Ramineni noted that Chelsea and Ghana star Michael Essien was known for sleeping some 14 hours a night – nearly double what a typical layperson gets – whenever possible. Those who aspire to similar somnolence can reap direct benefits in terms of injury avoidance, a fact revealed most clearly when new arrivals affected household patterns.

“One of the biggest red flags we have is guys that have kids,” said Dave Tenney, Seattle's manager of performance and sports science (pictured above). “Almost across the board, guys would have their first child and then end up having some sort of soft-tissue issue not soon after, because they go from getting 8-9 hours sleep a night to all of a sudden getting 4-6 hours of sleep a night.

“That shocked their body enough, and the lack of recovery is a huge red flag.”

As it turns out, domestic life influences rest in multiple ways.

“Our single guys all slept pretty much the same, whether we were at preseason or back at home,” said Tenney. “The married guys actually slept worse when we were away in preseason. We didn’t expect that at all. So we went to the guys, and I remember asking Djimi Traoré, ‘Djimi, why do you sleep an hour less?’ He’s like, ‘Well, my wife makes me go to sleep at 10:30, so I go to sleep. [On road trips], I stay up and watch TV.’

“So you don’t think about the married guys, who are on a very strict schedule, and then they are away, on a road trip or at preseason training, and they actually don’t sleep as well.”

Ramineni emphasizes, to Seattle's younger players in particular, that schedule is just as important as amount.

“The number of hours of sleep is important, but it’s also really important that you always go to bed roughly at the same time” he said. “If you sleep an average of seven hours per night, but one night you [go to sleep] at 10 pm and another at 2 am, that is not an optimal thing.

“Our best players go to bed roughly at the same time, sleep roughly seven, eight hours a night, and I think that helped us to show an example for the younger guys who still are figuring out how to get better. That’s a really valuable tool for them to learn.”
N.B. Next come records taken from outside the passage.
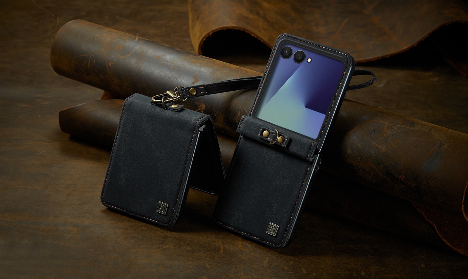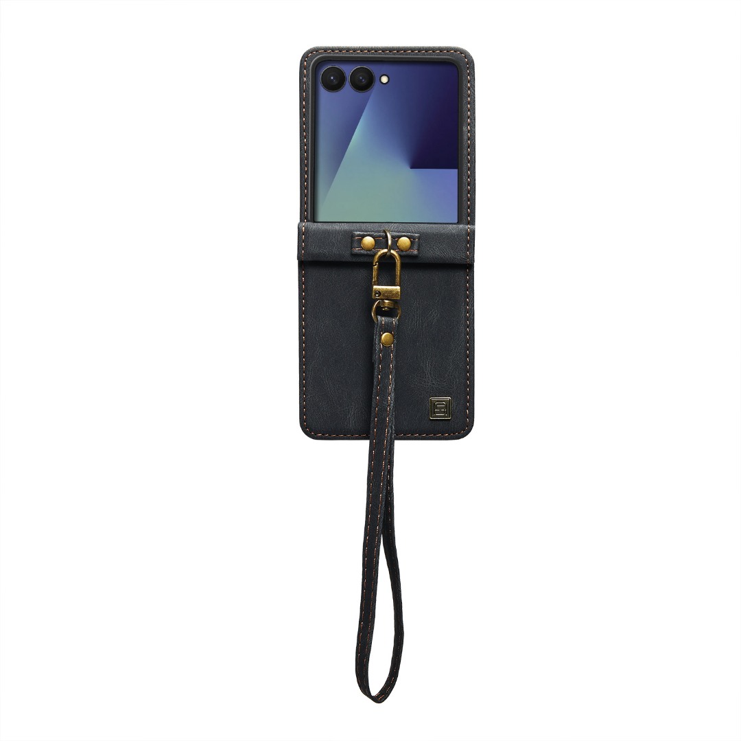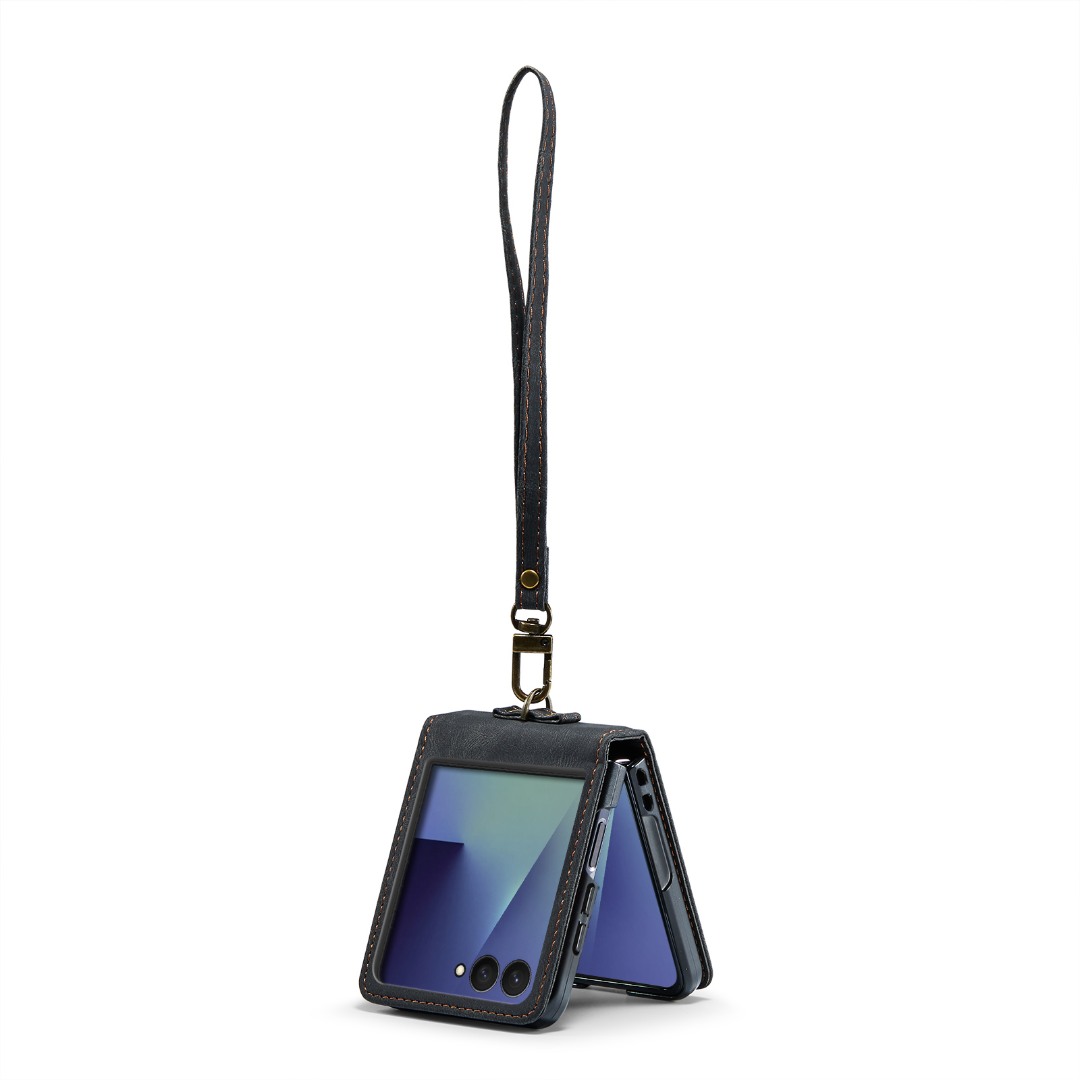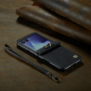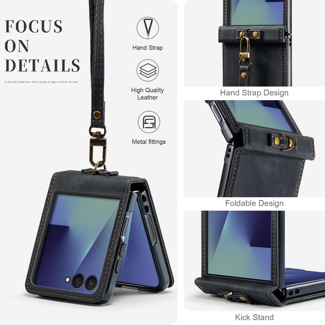 Husa pentru Samsung Galaxy Z Flip7, piele cu textura moale, carcasa cu curelusa de mana detasabila, protectie pentru balama si colturi, CaseMe Retro, Negru - Ash Black
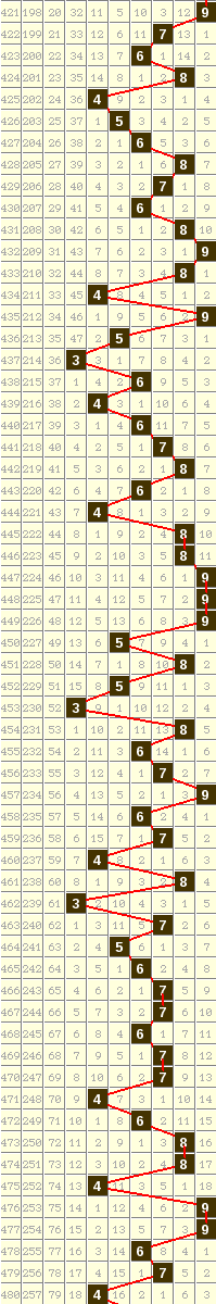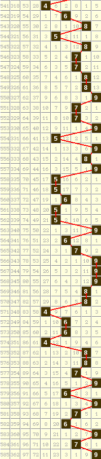 隔10期尾9走势=>常规走势 | 奇偶走势 | 大小走势 | 质合走势 | 和(合)值走势 | 012路走势
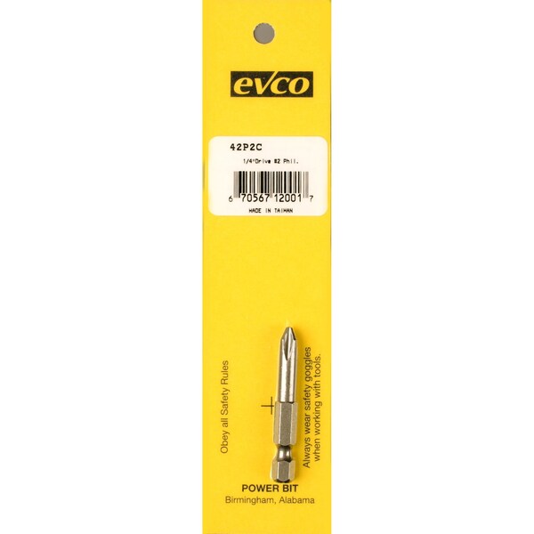 #2 Point Size/ 1/4 Inch x 2 Inch Bit Size; Phillips Power Bit; Carded
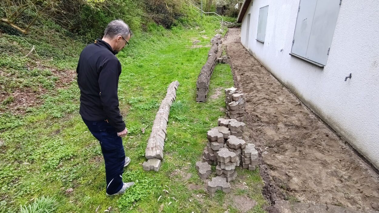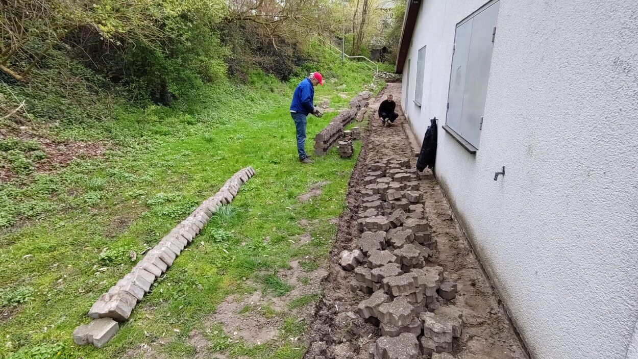 Auch wenn Ferien waren und damit keine Singstunde stattfand, ruhten wir uns nicht aus. Das Vereinsheim und sein Gelände brauchen auch ab und zu Pflege, denn es soll natürlich nicht nur für unsere Mitglieder schön und sicher sein, sondern auch für unsere Besucher und/oder neuen Sängerinnen und Sänger. Leider war der Weg von der Treppe bis zur Bühne sehr uneben und hatte sehr viele Stolperfallen, die beseitigt werden mussten. Deshalb war es für uns wichtig, dass die Pflastersteine neu verlegt werden, was eine Fachfirma vergangene Woche aus ausführte. Vorher mussten aber erst noch die wackligen Steine entfernt werden. Aus diesem Grund warfen sich einige von uns noch vor den Ostertagen in ihre Arbeitsklamotten, krempelten die Ärmel hoch, spuckten in die Hände und legten los: Knochensteine wurden in mühsamer Arbeit rausgenommen und nebenan auf dem Rasen gelegt, schließlich wurden sie ja wieder verwendet. Danke Gotthard, Jola, Klaus, Norbert, Robert und Thorsten für eure große Hilfe.
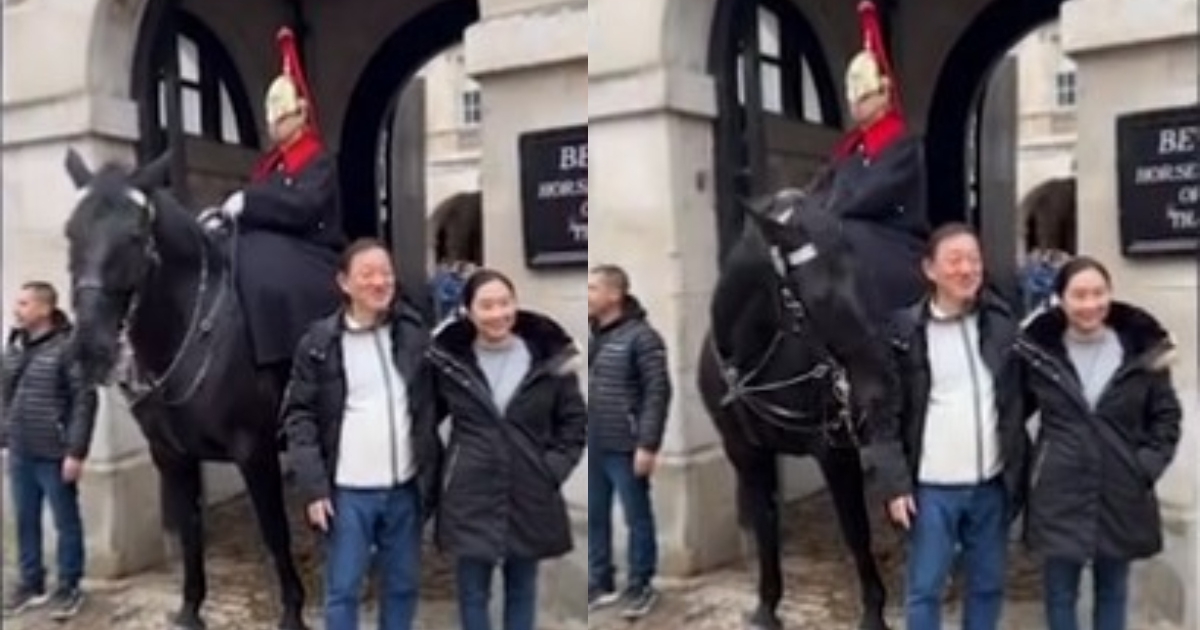 Μια ξεκαρδιστική στιγμή συνέβη στο Λονδίνο, όταν ένας τουρίστας στάθηκε δίπλα στο άλογο της βασιλικής φρουράς κατά τη διάρκεια μιας ημερήσιας εκδρομής.

Tenney sees myriad potential for further development in this field, but predicts hard choices as the scope of technology intensifies in the years ahead.

“In the NFL, they have tried to do sleep tracking, and there's privacy and players' union issues,” he said. “Where is the line of measuring things once a guy goes home? I think sports science is really good at getting a lot of good data; the next question is, how invasive to the athletes' private lives can you be, or do you want to be?

“For us, we’ve just focused on the education and importance of good sleep, and I think guys get it.”